Exercise aim — Beginning with the line where "Full-body portrait of" appears, restate each line word for word until the data ends. Pictures do not go in.

Provided material —
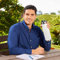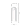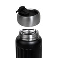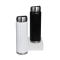 Doble pared. Cerrado al vacio. Pared interna y externa acero inoxidable. Tapa metalica con sistema de rosca. Sobre tapa de plastico con sistema de push. Terminado rugoso. Mantiene temperatura caliente 6 hrs y temperatura fria 12 hrs aproximadamente. Incluye caja individual
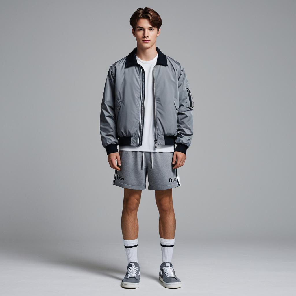 Full-body portrait of a young man with brown hair wearing a grey bomber jacket, white t-shirt, grey Dior shorts, white socks with black stripes, and grey Dior sneakers. The subject stands against a simple grey background, facing the camera with a neutral expression.
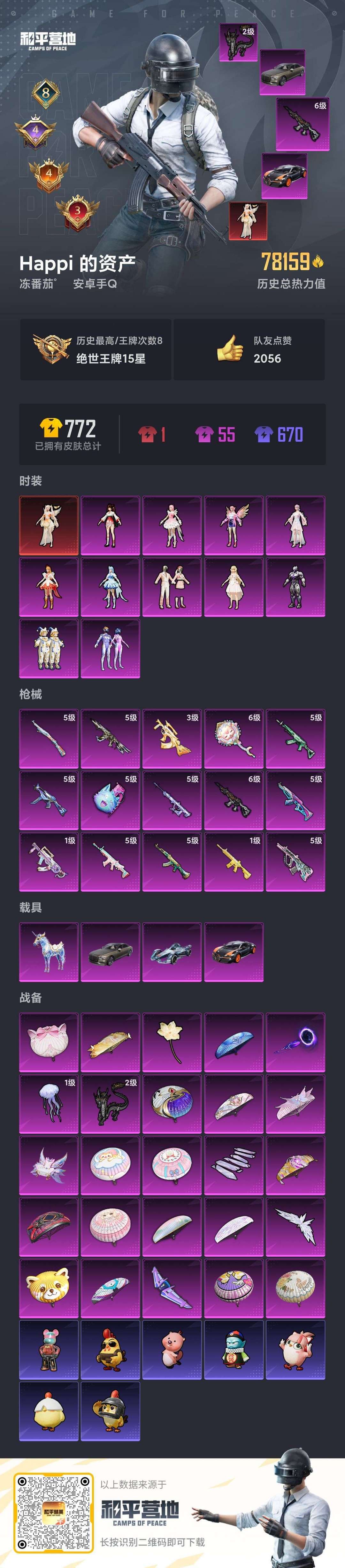 三级红装露米娜,15特效枪,火箭少女,小丑鱼,3车1水晶马,有众多热门飞行器降落伞,欢迎租号

Solution to this exercise —
 Full-body portrait of a young man with brown hair wearing a grey bomber jacket, white t-shirt, grey Dior shorts, white socks with black stripes, and grey Dior sneakers. The subject stands against a simple grey background, facing the camera with a neutral expression.
 三级红装露米娜,15特效枪,火箭少女,小丑鱼,3车1水晶马,有众多热门飞行器降落伞,欢迎租号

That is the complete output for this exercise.